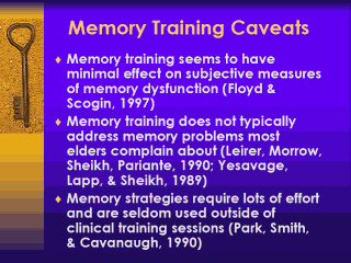 Memory training seems to have minimal effect on subjective measures of memory dysfunction.
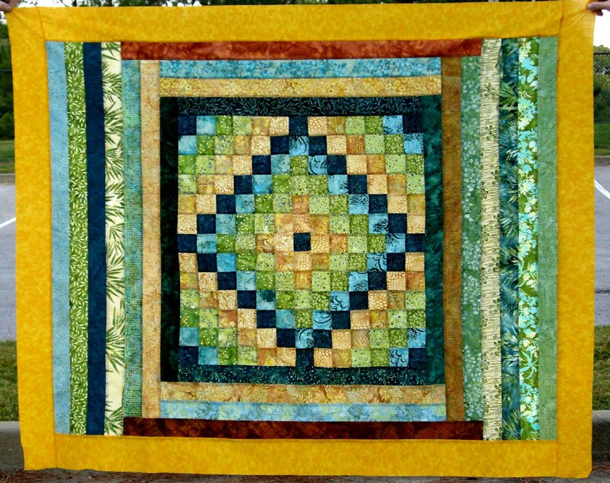 GeneBlack Batik Journey - This quilt top has since been quilted by Gene Black. This is a Trip Around the World with a log cabin type border.
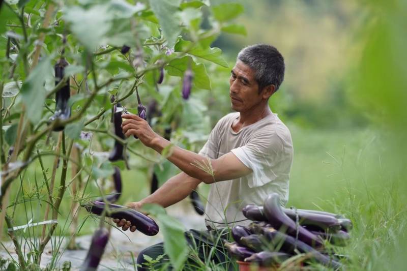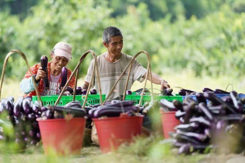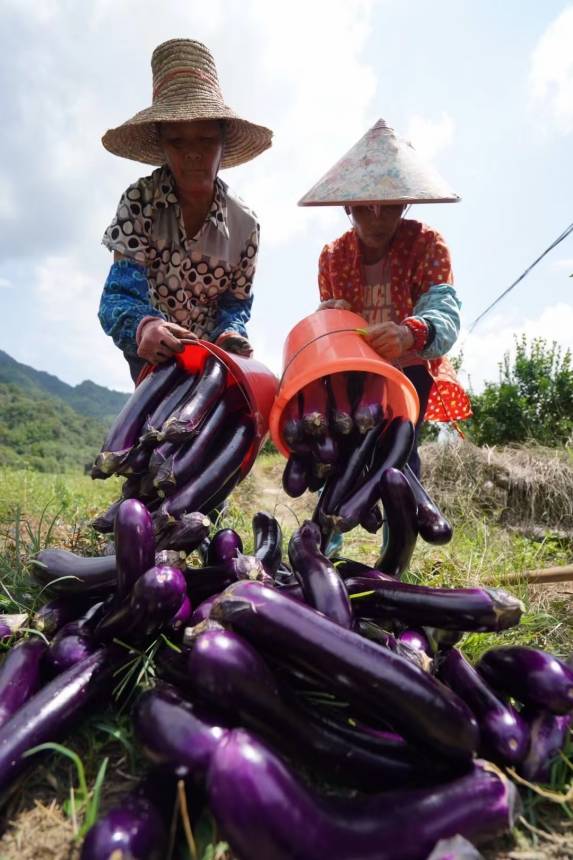 村民们正在将采收的茄子装筐。黄勇丹摄
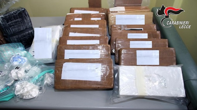 All’interno del garage di sua proprietà i militari hanno rinvenuto un ingente quantitativo di droga: 21,4 chili di cocaina, 9,120 chili di hashish, 3,110 chili di eroina e 10, 670 chili di marijuana.
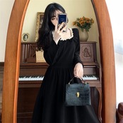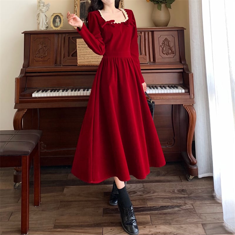 レッドカラーブラック ロングワンピースドレス ワンピース ロング丈 お出かけ 新作 長袖 スクエアネック フレア Aライン リボン ベルベット かわいい 大人可愛い きれいめ 大人 上品 おしゃれ かっこいい レトロ 大人可愛い 大人女子 ラブリー キュート 主役級 存在感 フォーマル 無地 秋 冬 誕生日 結婚式 二次会 披露宴 冠婚葬祭 ハロウィン クリスマス バレンタイン 10代 20代 30代 40代 レディース ママ 女の子 お出かけ パーティー イベント コーデ スタイル モテ プレゼント
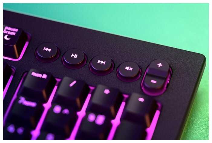 - + Удобная клавиатура с возможностью гибко настроить подсветку. На мой взгляд идеальный баланс между громозкостью и компактностью для этого форм фактора - клавиатура выглядит и ощущается добротно, но нет ощущения, что производитель понаворотил лишних декоративных элементов на корпусе, лишь бы круто смотрелось. Мультимедийные клавиши в наличии. Не нашел среди них лишних, при этом все нужные для меня есть. Возможность вешать маросы на кнопки и многие другие возможности, предоставляемые рэйзеровским софтом.
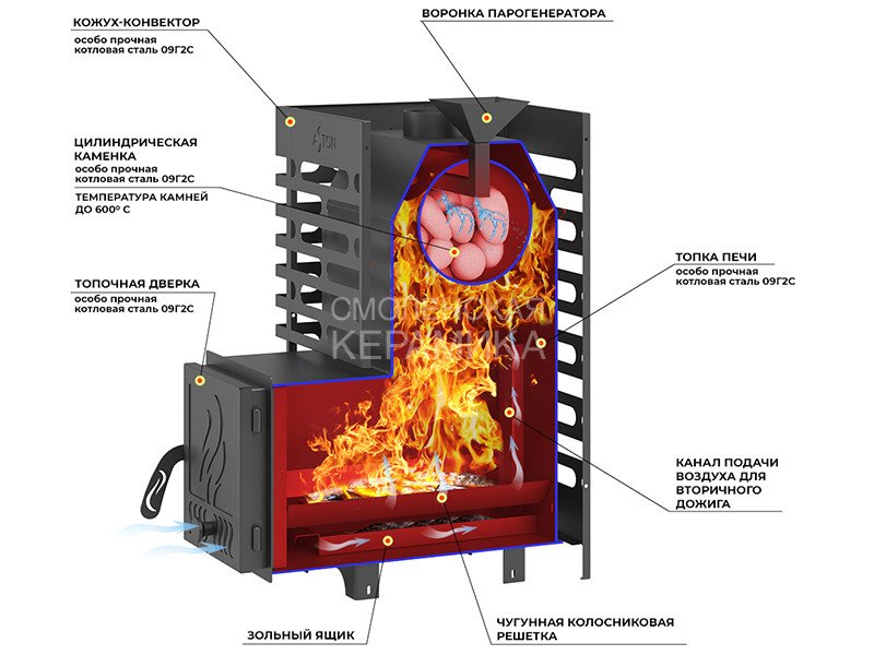 Материал закрытой каменки: Особо прочная котловая сталь

============

■ Task details
The answer is to be the lines of the listing from the first through the one with "村民们正在将采收的茄子装筐。黄勇丹摄", reproduced exactly, without any pictures.

■ Task response
 Memory training seems to have minimal effect on subjective measures of memory dysfunction.
 GeneBlack Batik Journey - This quilt top has since been quilted by Gene Black. This is a Trip Around the World with a log cabin type border.
 村民们正在将采收的茄子装筐。黄勇丹摄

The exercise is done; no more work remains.